“Di semester 1 tahun 2023, PT Timah Tbk selaku pemilik konsesi terbesar di Indonesia mengekspor 8.307 MT timah, sedangkan smelter swasta mengekspor 23.570 MT. Berdasarkan riset dan observasi lapangan yang dilakukan oleh Brinst, RKAB yang dikeluarkan perlu dilakukan evaluasi,” katanya.
Teddy menuturkan, bahwa dalam penerbitan RKAB, tentunya harus berdasarkan pada tahapan eksplorasi yang benar, sehingga bisnis pertambangan yang adil dan bertanggung jawab dapat terwujud di Bangka Belitung.
Dari data yang dipublish oleh Kementerian Keuangan Republik Indonesia, lanjut Teddy, ekspor timah mengalir deras dari perusahaan smelter timah yang hanya memiliki IUP di bawah 10 ribu hektar, bahkan ada yang di bawah seribu hektar.
Lebih lanjut Teddy mengatakan bahwa kuota ekspor yang diberikan, sangat erat kaitannya dengan persetujuan RKAB yang diberikan oleh pemerintah melalui Direktorat Jenderal Mineral Batubara, Kementerian ESDM. Persetujuan yang semestinya harus ditinjau ulang, melihat indikasi korupsi yang terungkap akhir-akhir ini.
Menurut Teddy, kasus korupsi pertambangan yang terjadi di wilayah Izin Usaha Pertambangan (IUP) PT Antam, Blok Mandiodo, Konawe Utara, Sulawesi Tenggara (Sultra), bisa saja terjadi di Bangka Belitung. Dalam kasus tersebut, lanjutnya, RKAB yang diberikan oleh Kementerian ESDM kepada perusahaan swasta ternyata tanpa evaluasi dan verifikasi sesuai ketentuan.

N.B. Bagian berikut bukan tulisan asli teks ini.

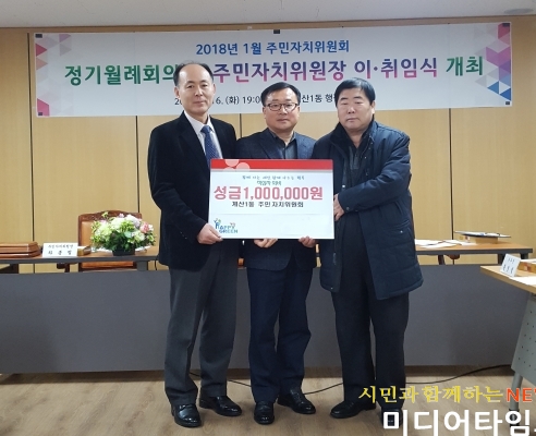 [미디어타임즈=문상수 기자] 인천광역시 계양구 계산1동 주민자치위원회(위원장 차종법 )는 지난 16일 계산1동 행정복지센터( 동장 이기운)를 방문하여 2018년 적십자 특별회비 100만 원을 기탁했다.차종법 주민자치위원장은 “적은 금액이나마 어려운 이웃들을 위해 쓰일 수 있다는 것에 큰 보람을 느끼며, 작은 보탬이 모여 이루어진 큰 도움이 주변의 어려운 이웃들에게 전달될 수 있도록 더 많은 주민이 적십자회비 모금에 적극적으로 참여해 주었으면 좋겠다”고 말했다.성금을 전달받은 이기운 계산1동장은 “자발적인 기부로 어려운 이웃에게 훈훈한 정을 나눌 수 있도록 적십자회비 모금에 적극 협조하여 주심에 감사드리며, 이번 전달식을 계기로 나눔 문화를 확산시켜 더 많은 이웃에게 따듯한 마음이 전해질 수 있도록 최선을 다하겠다”고 말했다.

Padahal, kata Teddy, perusahaan tersebut tidak mempunyai deposit/cadangan nikel di Wilayah Izin Usaha Pertambangan tersebut. Dari kasus tersebut beberapa perusahaan lain turut mendapatkan kekayaan negara berupa bijih nikel milik negara (PT Antam).
“Penyederhanaan aspek penilaian RKAB perusahaan pertambangan, hal itu sebagaimana diatur dengan Keputusan Menteri ESDM Nomor: 1806K/30/MEM/2018 tanggal 30 April 2018, rentan disalahgunakan. Belajar dari kasus tersebut, RKAB Bangka Belitung perlu dilakukan peninjauan ulang,” tutur Teddy.